Миновав еще одну аллею, Алкиной и Архил вышли снова к помещению школы. Там в одном из залов какие-то люди учились прыгать через барьер. Дальше на светлой площадке шел рукопашный бой между двумя борцами.

— На это тебе будет интересно посмотреть, Архил, — сказал художник. — Подойдем поближе. Следи внимательно. Победителем в борьбе двух этих людей будет считаться тот, кто положит своего противника на спину.

Позабыв обо всем, они оба некоторое время смотрели на борьбу с живым интересом. Лицо Алкиноя горело от возбуждения. Одна пара борцов сменила другую.

Алкиной вдруг спохватился:

— Однако нам пора поискать Формиона, пока он не ушел!.. Идем, Архил! Ведь мы еще должны снять верхнюю одежду и натереть тело наше маслом, иначе по правилам гимнастической школы мы не можем появляться на тех участках, где происходят состязания.

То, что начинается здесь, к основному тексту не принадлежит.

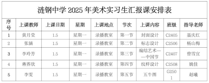 为进一步推动美术教育实践与创新,深化高校与中学美术教学交流,2026年1月5日,美术学专业涟钢中学实习队开展了实习汇报课活动。五堂各具特色的美术课依次呈现,充分体现了以核心素养为导向的美术新课程理念,并融入了“美术教育人文性、生活化与思辨培养”的教育思想。涟钢中学教学副校长谢红卫、工会主席蔡峻、教研科科长方强、艺术组副组长姚佳及美术组全体教师、我院美术学专业实习带队教师彭波参与听评课,并就课程设计与教学实践展开深度研讨。

Они прошли в просторное помещение для отдыха, где вдоль стен стояли многочисленные скамьи. На них сидели люди, закончившие упражнения, а также только что пришедшие в школу, подготовлявшиеся к бегу и к борьбе. Алкиной, заняв место на скамье, проворно сбросил с себя хитон и стал натирать тело оливковым маслом, как делали это другие. Архил последовал его примеру.

— Что это тебя давно не было видно в школе, художник? — подошел к Алкиною какой-то бородатый мужчина также в набедренном поясе. — Тебе, наверное, работа не дала возможности принимать участие в состязании на стадионе?

— Ты угадал, Фарес, — коротко отозвался Алкиной, — я был очень занят в мастерской все последнее время.

— А мы с Формионом не раз вспоминали тебя, — добродушно продолжал Фарес, — и даже тревожились, здоров ли ты. Скоро уже праздник Посейдона. Ведь ты же принимаешь участие в беге на празднествах, кажется?

— На этот раз мне придется отказаться от участия в состязаниях! — с грустью отозвался Алкиной. — Не хватило времени подготовиться к ним!

— Жаль. Ведь дистанция для бегунов дана небольшая всего двадцать стадий! — заметил Фарес. — Ну, а как насчет борьбы, друг? Я ведь не искал для тебя противника, привык бороться с тобой!..

Алкиной улыбнулся.

— Привычка — большое дело, Фарес! Это я хорошо знаю! — ответил он. — Но и с борьбой у меня плохо обстоит дело на этот раз! — покачал он головой. — Грудь почему-то стала болеть… устал, должно быть. Но на Олимпийских играх мы с тобой обязательно будем бороться в паре! — поспешил добавить он. — Если, разумеется, нас с тобой запишут в списки участников.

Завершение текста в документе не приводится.